Congratulations, Liberals and “supporters” — you’ve just elected the most unaccountable leader in Canadian political history! Give yourselves a round of applause!
But wait, you might say. Didn’t the party throw open the doors to let in all kinds of new ideas and to allow the broadest level of participation in Canadian history? Well, maybe, but when you think about it, not really. Remember, this was a leadership convention and not a policy convention, despite what some of the contenders seemed to believe. And according to the party’s new rules, only paid-up members and not the new “supporters” get to vote on policy, or the “new ideas” that the party hopes to attract, so really, throwing open the doors so to speak didn’t really produce new ideas. What it did do was populate the party’s database, so that they can hope to turn those 300,000 new “supporters” into potential donors and maybe members. Maybe.
As for the “broadest level of participation,” which is often conflated with the term “most democratic,” as though one could effectively rank the level of democracy on a scale of 100, therein lies the rub with the accountability to the leader. In times gone by, and as still happens in a few Westminster legislatures, it’s the MPs who choose the leader. Why is this important? Because when they choose the leader, they can also fire said leader. Witness what happened to Margaret Thatcher in 1990, or the more recent ouster of Kevin Rudd in Australia (and the two subsequent failed attempts to oust Julia Gillard) — it means that the caucus has a hand in the power that the leader has over them, and they can decide when to end it and elect someone new.

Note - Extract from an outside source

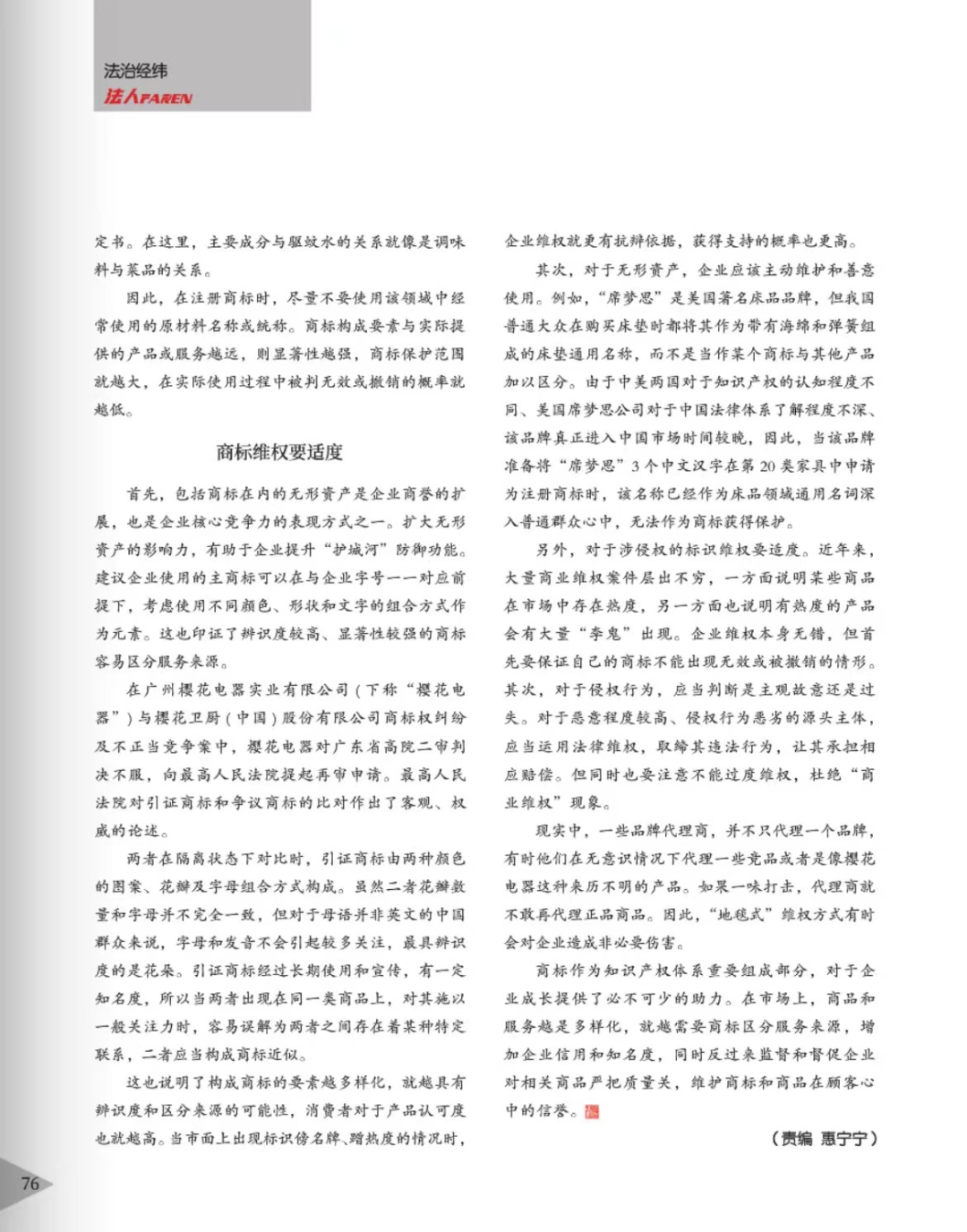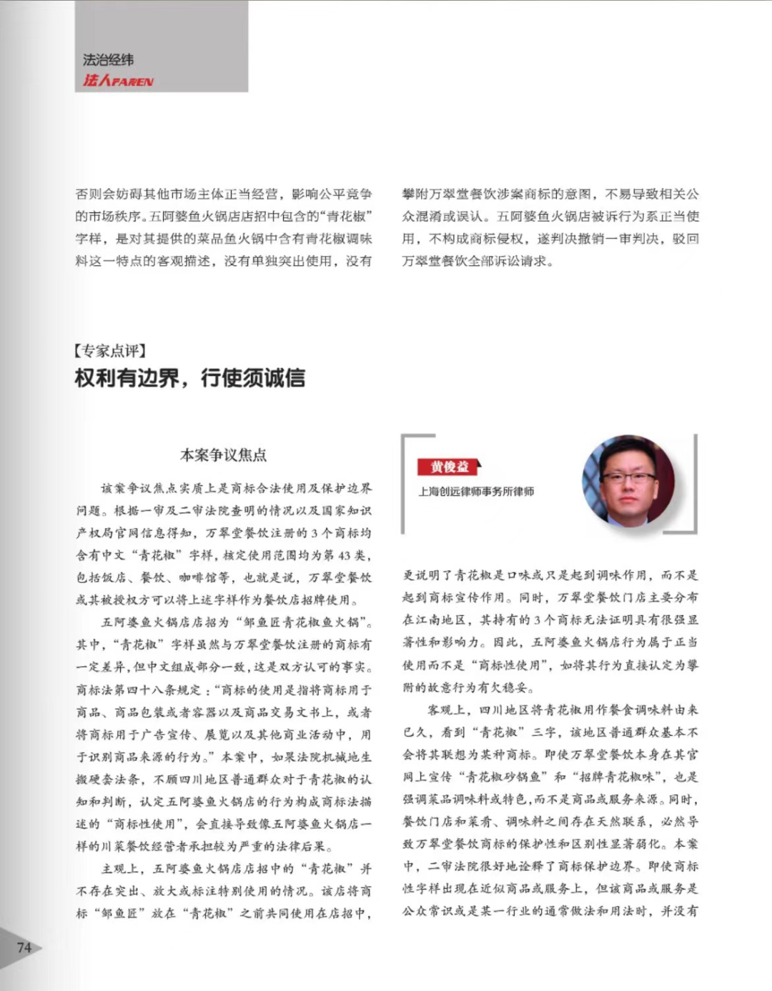 洛阳辉知简讯 | 辉知队黄俊益律师应“法治日报”旗下杂志邀请,就“青花椒”案发表专家点评
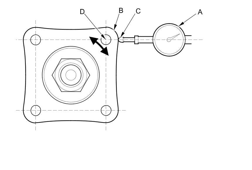 5. Set a dial indicator (A) on the transfer companion flange (B); position the dial indicator tip (C) on the direct extension of the bolt hole center (D).

Not so in Canada. Since the Liberals first held a delegated convention in 1919 — to make it “more democratic” — it blunted the ability of caucus to hold the leader to account because that leader now had the “democratic legitimacy” to govern. Mackenzie King once reputedly told his caucus, in the wake of a scandal, that they didn’t select him and that they could not remove him. And while most parties have some mechanism for a leadership review at policy conventions — witness that Thomas Mulcair secured a 92.3 percent approval in this weekend’s NDP convention — those reviews tend to only happen every couple of years, and don’t allow for much input by the caucus, despite the fact that they are most affected by that decision. One need only remember the great defection from the Canadian Alliance under Stockwell Day’s leadership to see what happens when the leader and his “democratic mandate” come up against the caucus that he controls.

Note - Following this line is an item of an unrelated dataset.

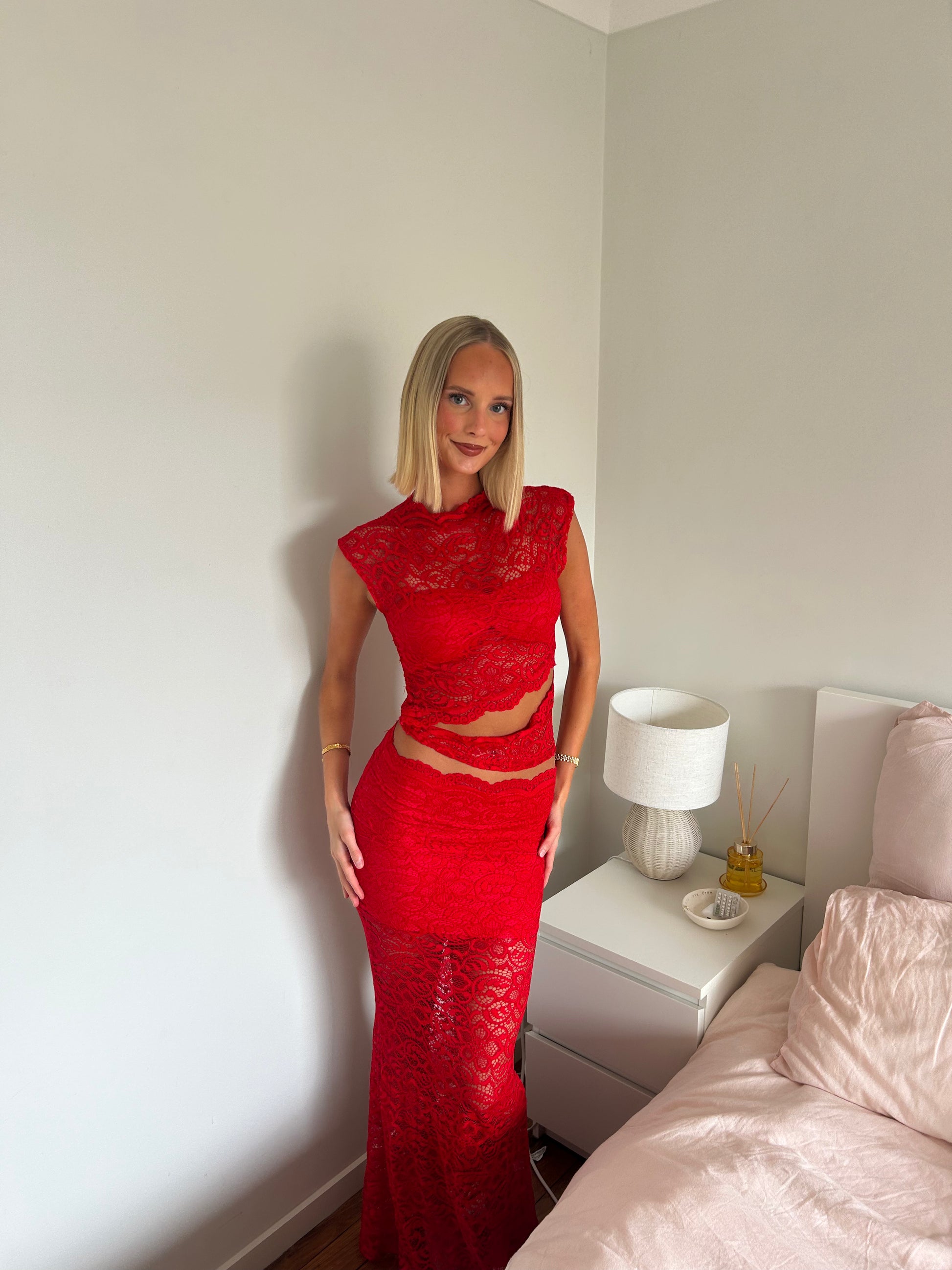 This beautiful set in intense red is crafted from an exclusive lace featuring detailed, floral-inspired patterns. The blouse and skirt has a form-fitting silhouette with gentle stretch and delicate edges, adding a feminine and sophisticated touch. The high lace neckline and scalloped hemline complete the design with a romantic flair.

This new “supporter” system removes even one that level of accountability to party membership, as fleeting as it might be, because as many as three quarters of the people who voted in this contest are not party members, but “supporters.” How can a nebulous group with no actual affiliation with the party be expected to hold the leader to account? They can’t, and if Justin Trudeau turns out to be a tyrant or a giant mistake, he still has the “democratic legitimacy” of over 100,000 voters casting a ballot to justify himself. And think of how much worse it would have been if Joyce Murray had won, and pushed for the verifiably nonsensical notion of “electoral cooperation,” based not on the will of the party, but by the votes of outsiders who wanted to impose this vision of electoral democracy in this country on the party? It would have been a recipe for chaos, and quite likely disaster for the party itself.

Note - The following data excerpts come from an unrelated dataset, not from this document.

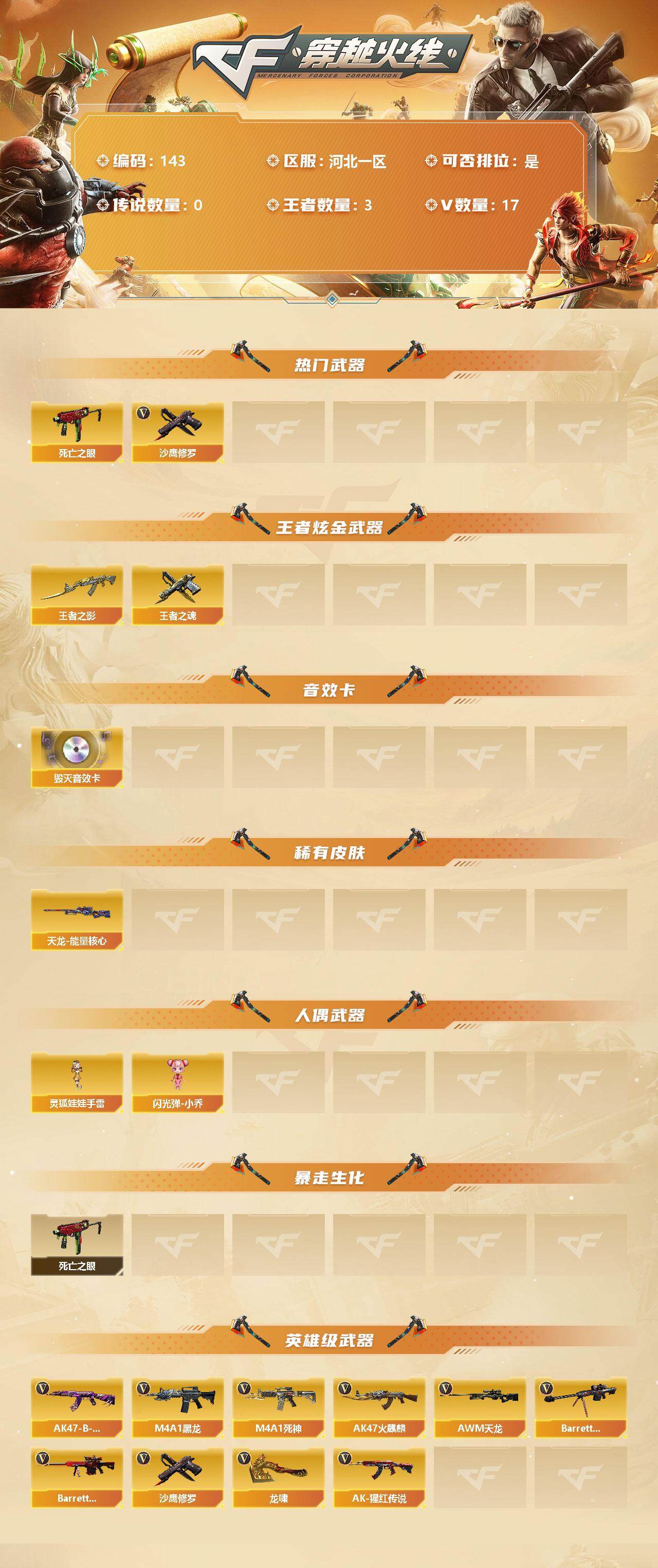 [12717971]河北一区-17V-3王者-0炫金 【热门武器】:死亡之眼*2,沙鹰-修罗*4 【王者炫金武器】:王者之影,王者之魂 【音效卡】:Barrett-毁灭音效卡 【稀有皮肤】:天龙-能量核心 【人偶武器】:灵狐娃娃手雷,闪光弹-小乔 【暴走生化】:死亡之眼*2 【英雄级武器】:M4A1-黑龙,M4A1-死神,AK47-火麒麟,AWM-天龙,Barrett-毁灭,Barrett-极光,AK-47-猩红传说,AK47-B-常胜将军,沙鹰-修罗*4,龙啸 【特殊枪械】:
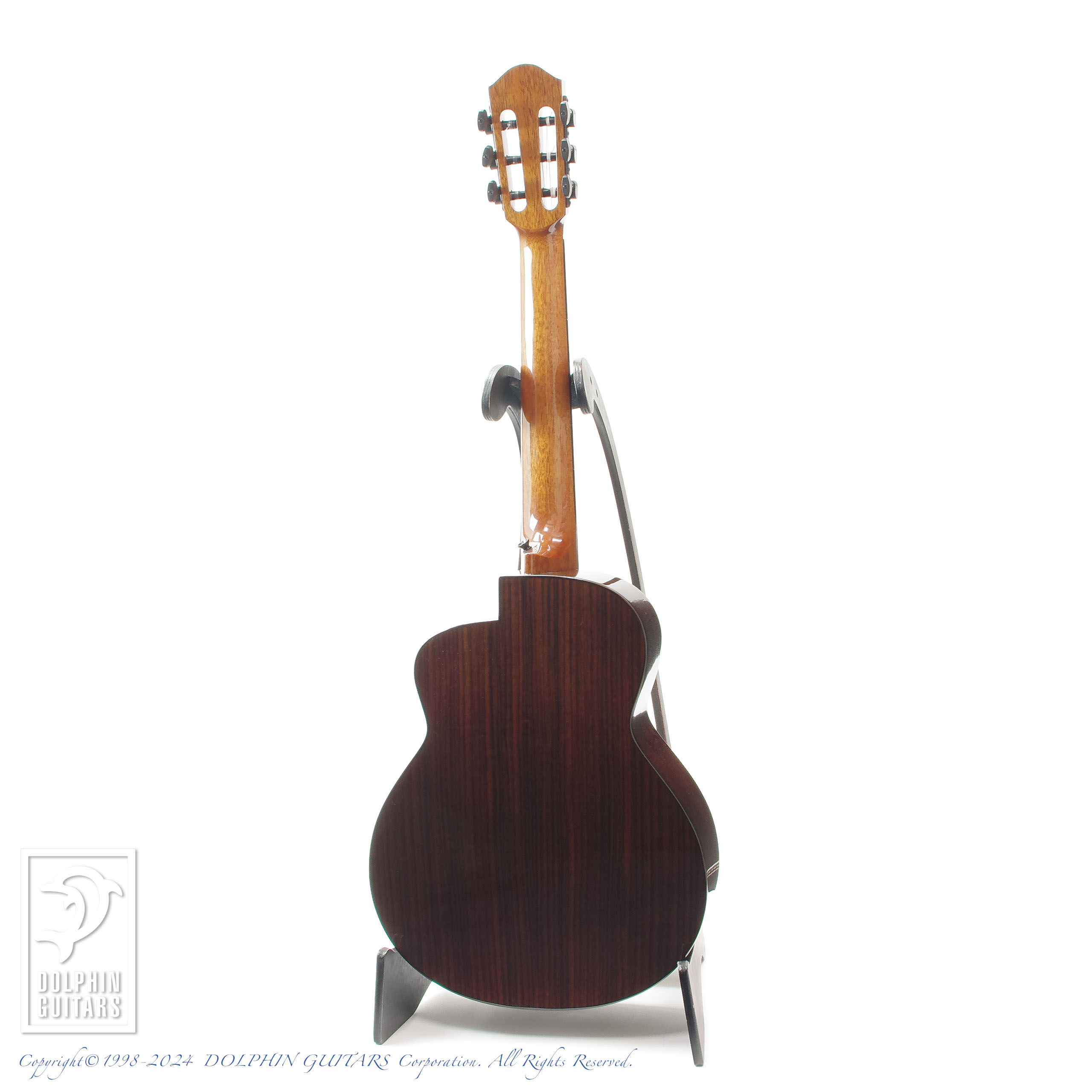 ネックシェイプはCシェイプ、厚くもなく薄すぎずといった形状です。指板はクラシックギターと同じくフラットの形状であり、ネック内部にはアジャスタブルロッドを採用し、僅かなネックの動きにも即対応できる点も大きなポイントです。弦はダダリオ EJ45(ノーマルテンション)を使用。
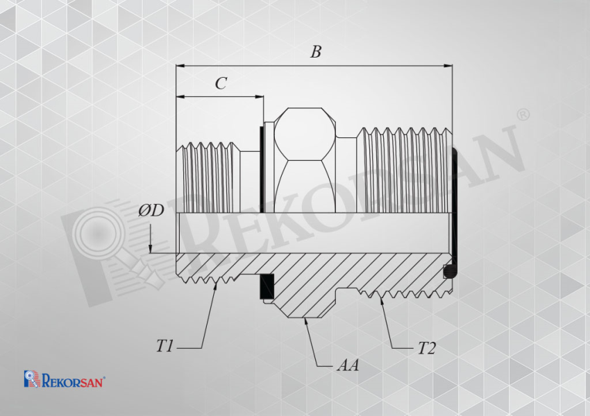 | MALZEME KODU MATERIAL CODE | DİŞ ÖLÇÜSÜ THREAD SIZE T1 | DİŞ ÖLÇÜSÜ THREAD SIZE T2 | B | C | ØD | AA |

And while Trudeau is saying some very smart and civically literate things about getting the party’s grassroots re-engaged in the choice of their own candidates with open nominations, and with the formulation of policy and the party platform in advance of the election in 2015, he still remains wholly unaccountable to anyone, which should be a very worrying prospect. Some people have remarked that these kinds of concerns are “too technical” and hardly matter. But it does matter. If you don’t treat this stuff like it matters, then it is easy to be abused. Understanding the system and what these votes actually mean matters, and hopefully that message will resonate by the time the next leadership contest, whatever the party, happens.